I have answered this question, or some form of it, every day, several times a day, for the past two weeks. It's in reference to leaving the baby at day care and being back at work. What is the appropriate response to this question? "Oh, I'm miserable. I cry all the time. I miss him so much." Is that what people want to hear? I don't think they know what to do when I say, "It's fine." Very confidently. I always get, "Oh, I know it's hard to be away. I know you'll miss him, but it will get better." It's like they didn't hear me. I do miss him. I miss both my children during the day, but I don't spend all day thinking about that. Don't get me wrong, I think about them and how wonderful they are and how much I love them, but I don't wallow in guilt. Maybe you're thinking that I'm trying to make up for guilt by writing so much about this, but really, I am not.

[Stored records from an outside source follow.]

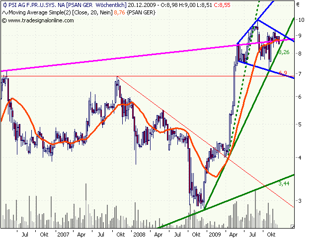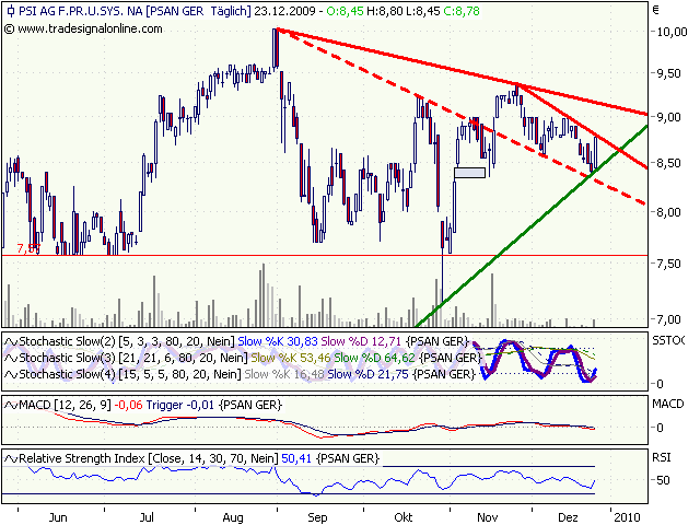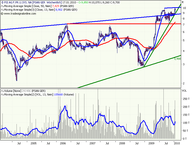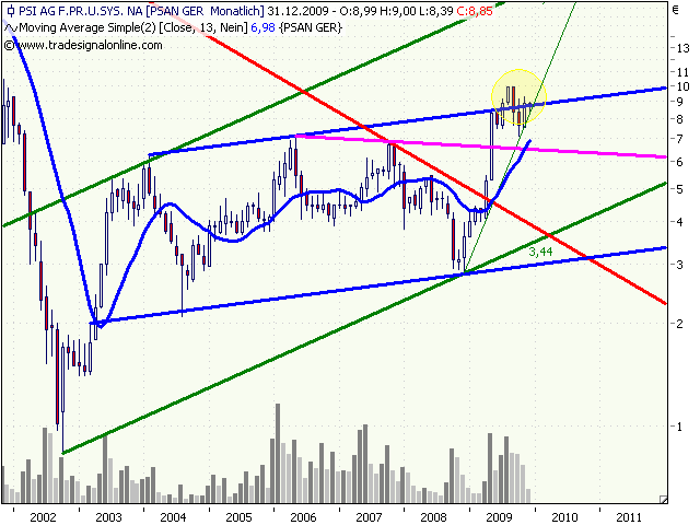 Wer auf die Interpretation der Börsenumsätze keinen Wert legt, lese einfach die Statistik der Deutschen Börse. Dabei wird man allerdings das Potential von PSI in Richtung TecDAX nicht erkennen. Die Forderung nach Verdopplung entbehrt seit den letzten sieben Monaten jeglicher Grundlage.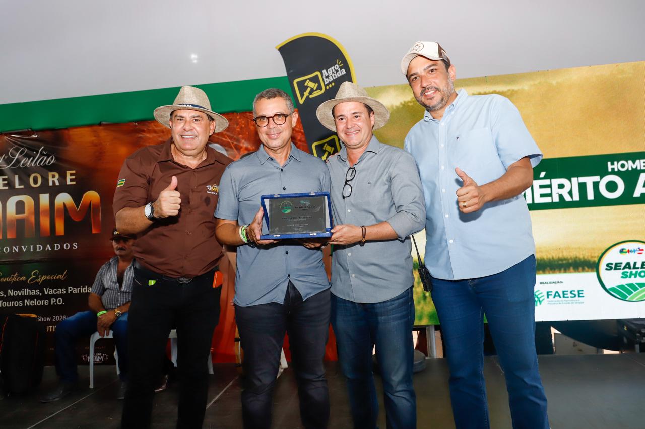 Durante a programação da feira, a Federação da Agricultura e Pecuária do Estado de Sergipe (Faese) realizou a Homenagem Mérito Agro, reconhecendo personalidades que contribuem para o fortalecimento do agronegócio. O governador Fábio Mitidieri foi um dos homenageados pelo apoio institucional ao setor.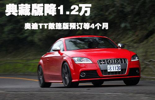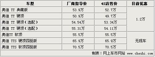 據(jù)4S店銷售人員介紹:目前奧迪TT已上市的典藏版車型店 內(nèi)有現(xiàn)車,售價為53.9萬元,TT標準版車型有現(xiàn)車,售50.9萬元,但還有2款在50.9萬元基本款車型上增配車型,分別售54.54萬及55.31 萬,以上這4款車型都可優(yōu)惠1.2萬元,車身顏色共有白色、紅色、銀色及日光橙色供挑選。奧迪TT典藏版相對在售TT車型不同的是,這款車配以橘色車身及 運動套件,車內(nèi)車外都進行運動改裝,看起來十分漂亮。如需預(yù)定TT及TTS其他顏色及車款,需等待4-6個月時間,由于是按照車主需求定制車型,所以等待時間較長。

I am just so uncomfortable and puzzled by how to explain to people that (1) I am not cut out to be a stay at home mom and I am not ashamed of that and (2) I really believe my kids benefit from the day care setting they are in and from having a mother who intellectually challenges herself everyday and contributes to the community. Now let me be clear - I am not suggesting that women who stay at home do not intellectually challenge themselves or contribute to their communities. I am saying that, for me, working and sending my children to a day care that I love and trust is the best option for accomplishing that right now. That could change tomorrow. But I really want people to believe me when I tell them that I'm OK.

1 comment:

Melissa said...

I'm not sure you'll even go back to read this comment, but as I've been reading through from your first post on, I'm finding many of my own thoughts and feelings being played out in your words. And I can't stop reading....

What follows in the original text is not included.